The language: We do not speak Spanish but we know it’s best to try or at least learn the basics, over here everyone speaks English and the Turkish language is really difficult to learn.

We have no idea of the cost of living in Spain compared to here or the UK, but once again I can research that. 

If anyone can suggest any areas/provinces to live I do have Google earth to look at them.

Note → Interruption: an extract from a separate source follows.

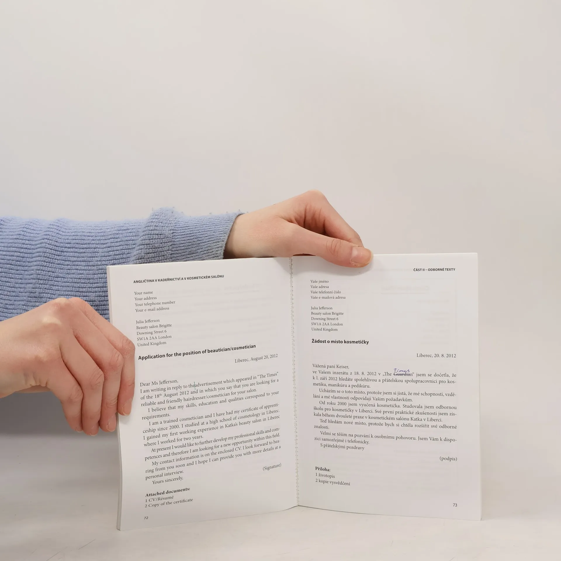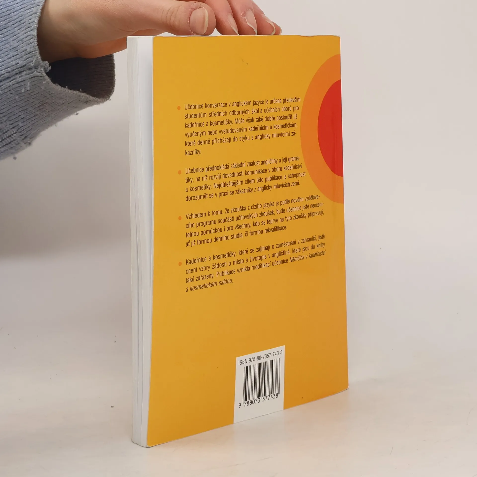 Učebnice konverzace v anglickém jazyce je určena především studentům středních odborných škol a učebních oborů pro kadeřnice a kosmetičky. Může však také dobře posloužit již vyučeným nebo vystudovaným kadeřnicím a kosmetičkám, které denně přicházejí do styku s anglicky mluvícími zákazníky. Publikace vznikla modifikací učebnice Němčina v kadeřnictví a kosmetickém salónu.

Any advice you can offer would be very much appreciated.


----------



## Hepa (Apr 2, 2018)

We chose the Canary Islands, lower cost of living and a warmer climate were some of the attractions. The down side is that being on a similar latitude to Florida and Suez, it is a 4 hour 15 minute flight to the U.K.


----------



## Rodolfo (Feb 20, 2018)

Have a look at the area very slightly North of Jijona. It's within an hour of Alicante airport, about 20 mins to Bonalba Golf course and there is horse riding about 15 minutes away. At nearly 3000 ft it's very pleasant in summer. Can get cold in February though. Pm me if interested.


----------



## Moyra (Aug 10, 2014)

Hi we all promote the area we live in, so look at Arboleas it's a small town made up of 30 villages, but we have many perks from our Town Hall. What i would like to let you know is that some remote areas do not have mains sewage a few houses we looked at had a bucket in the bathroom for used toilet paper as the pipes to the "septic tank" were very narrow and the paper would block them. Just something to keep in mind.


----------



## stockyfan (Apr 7, 2018)

Thank you very much for your replies, much appreciated. The more information we are armed with the more we can decide where is best for us.


----------



## Relyat (Sep 29, 2013)

Consider the Valencia area. It has it's own international airport and you also have Castellon to the North and Alicante to the South, both within 90 minutes. 
Golf courses and stables are both present in the area and an abundance of dwellings that match your requirements. 
As previously advised, many of these are not on mains drainage as is our house, but we have had no problems with blockages and neither has it needed emptying in the four years we have lived here.


----------



## davexf (Jan 26, 2009)

Hola 

When I was looking the first consideration was temperature; summer and winter. I didn't want and snow or similar in winter and thought the anything over 35C would be unbearable. I wasn't right in that I didn't allow for acclimatisation. I now don't consider it gets hot until 40ºC, and I won't put shorts on until the temperature is well above 25ºC. 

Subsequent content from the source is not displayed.